HD 85725

Observation data Epoch J2000 Equinox J2000
- Constellation: Antlia
- Right ascension: 09^{h} 52^{m} 58.02763^{s}
- Declination: −27° 19′ 55.8219″
- Apparent magnitude (V): 6.28

Characteristics
- Evolutionary stage: subgiant
- Spectral type: G1 V
- B−V color index: +0.62

Astrometry
- Radial velocity (R_{v}): 61.6±0.1 km/s
- Proper motion (μ): RA: −278.245 mas/yr Dec.: +95.043 mas/yr
- Parallax (π): 18.5634±0.0256 mas
- Distance: 175.7 ± 0.2 ly (53.87 ± 0.07 pc)
- Absolute magnitude (M_{V}): +2.68

Details
- Mass: 1.42 M_{☉}
- Radius: 2.59±0.11 R_{☉}
- Luminosity: 7.58 L_{☉}
- Surface gravity (log g): 3.86 cgs
- Temperature: 5,940±110 K
- Metallicity [Fe/H]: +0.15 dex
- Rotational velocity (v sin i): 5.9±0.3 km/s
- Age: 2.75 Gyr
- Other designations: 33 G. Antliae, CD−26°7505, CPD−26°4079, HIP 48468, HR 3916, SAO 178130, WDS J09530-2720A

Database references
- SIMBAD: data

= HD 85725 =

Star in the constellation Antlia

HD 85725, also known as HR 3916, is a yellow hued star located in the southern constellation Antlia. It has an apparent magnitude of 6.29, placing it near the limit for naked eye visibility. The object is relatively close at a distance of 176 light-years, but is receding with a heliocentric radial velocity of 61.6 km/s.

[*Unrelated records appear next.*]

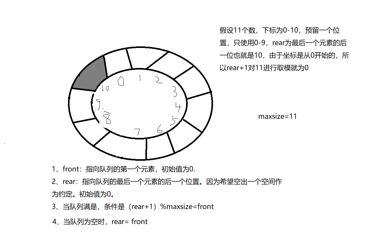 队列满的条件是(rear+1)%maxSize == front (如下图所示)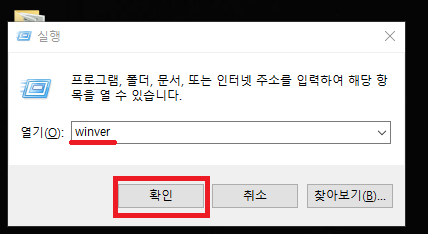2. winver 을 입력하고 엔터키를 눌러줍시다.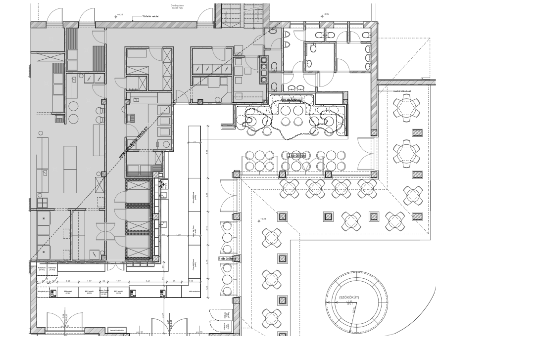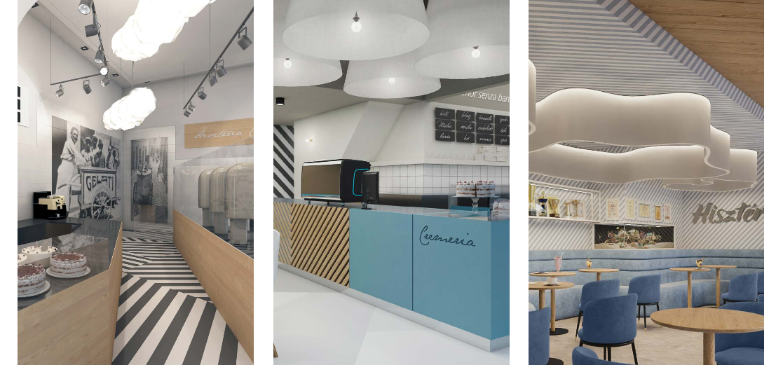Mindebből első pillantásra a szellős, harmonikus színvilágú vendéglátó-tér tűnik fel, ám ha az első ízmámorában tekintetünk a mennyezetre téved, szellemes utalásokat találunk: a tápiószecsői (és az Andrássy úti) Hisztéria lámpái habot idéznek, a WestEndben lévő üzleté pedig tortaformát vagy süteményes dobozt. Ugyanígy a mobiliák is, a „krémes-kanapétól” a „macaron-székig” vagy a sütitálcára emlékeztető asztalokig.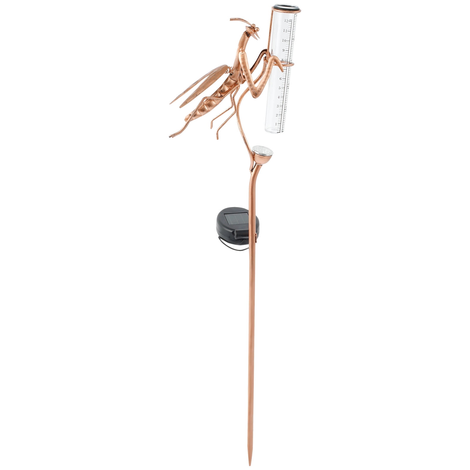 Rain Gauge Outdoor Metal Mantis Rain Gauges Solar Rain Measure Gauge with Lights Freeze Proof Acrylic Rain Gauge Decorative Garden Rain Measure Tool for Gardens Lawn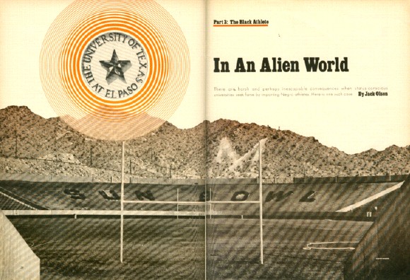 Harry Edwards and his staff of bereted, beaded and militant assistants swarmed all over UTEP the weekend after Dr. Martin Luther King's assassination, and one of them draped himself across a chair in the Sheraton Motor Inn on Mesa Street and intoned carefully: "What it gets down to is sex, the same old story. Isn't it funny that whenever you make a thorough study of the problems of white and black together, it always comes out s-e-x? What a problem it must give the recruiter from this school. They're committed to using black athletes to get their name before the public, right? So this poor recruiter has to go to the Bronx and Harlem and convince Negroes that of all the places they could go. El Paso is the best. Now what is the first thing that enters the kid's mind, any kid's mind? Are there any girls? Well, what the hell is the poor recruiter going to say? That there are hardly any black women in El Paso? That there are only a few black girls at the university? So he has to fudge around, tell a few lies. He may even hint that the atmosphere is pretty relaxed down there in the Southwest, and nobody would mind if he dated a white girl. After all, that's where America begins, out there in Marlboro Country. So the kid signs his letter of intent, and then he's hooked. He gets on the campus and he finds out that if he dates a white girl it's his ass."
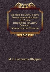 | Полное название книги | М. Е. Салтыков-Щедрин Пособия и льготы после Отечественной войны 1812 года |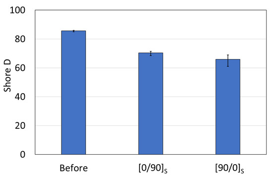 - The shore D hardness before was recorded with 85.6 then decreased to 70.4 for [0/90]S and 65.9 for [90/0]S.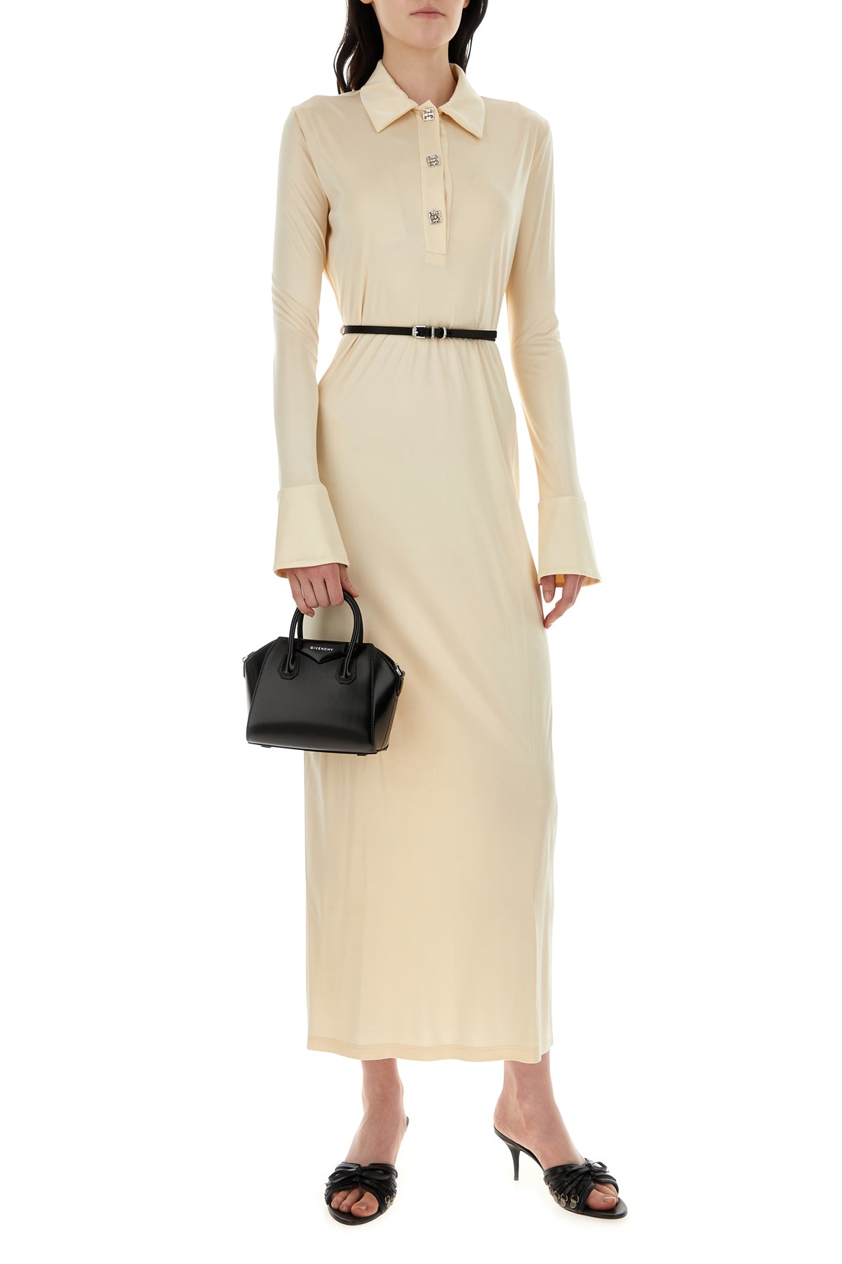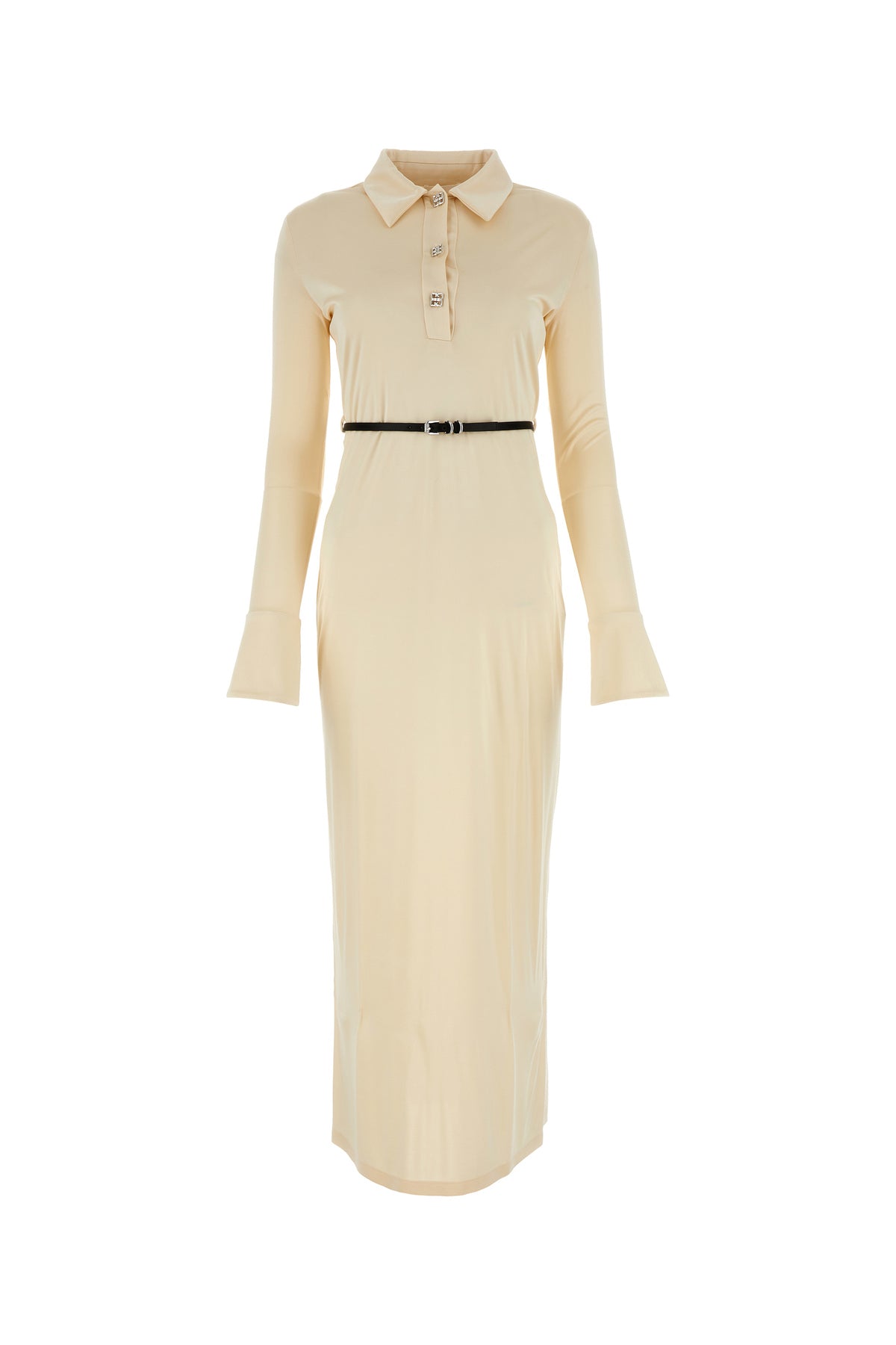 Abito dal taglio lungo realizzato in jersey caratterizzato da chiusura parziale mediante bottoni metallici 4G Liquid sulla parte frontale arricchita da cintura amovibile in pelle.

HD 85725 has a stellar classification of G1 V, which suggests that it is an ordinary G-type main-sequence star that is fusing hydrogen at its core. However, a low surface gravity of ±7,244 cm/s2 and evolutionary models indicate that is an evolved subgiant.

At present it has 143% the mass of the Sun but is 2.59 times larger, which is not characteristic of a yellow dwarf. It shines at 7.6 times the luminosity of the Sun from its photosphere at a surface temperature of 5,940 K, which gives it a yellow glow. At an age of 2.75 billion years, HD 85725 is spinning leisurely with a projected rotational velocity of 5.9 km/s.

There is a 10th magnitude companion located 1.5 arcsecond away along a position angle of 25 deg. It appears to have a common proper motion with the star, suggesting physical relation.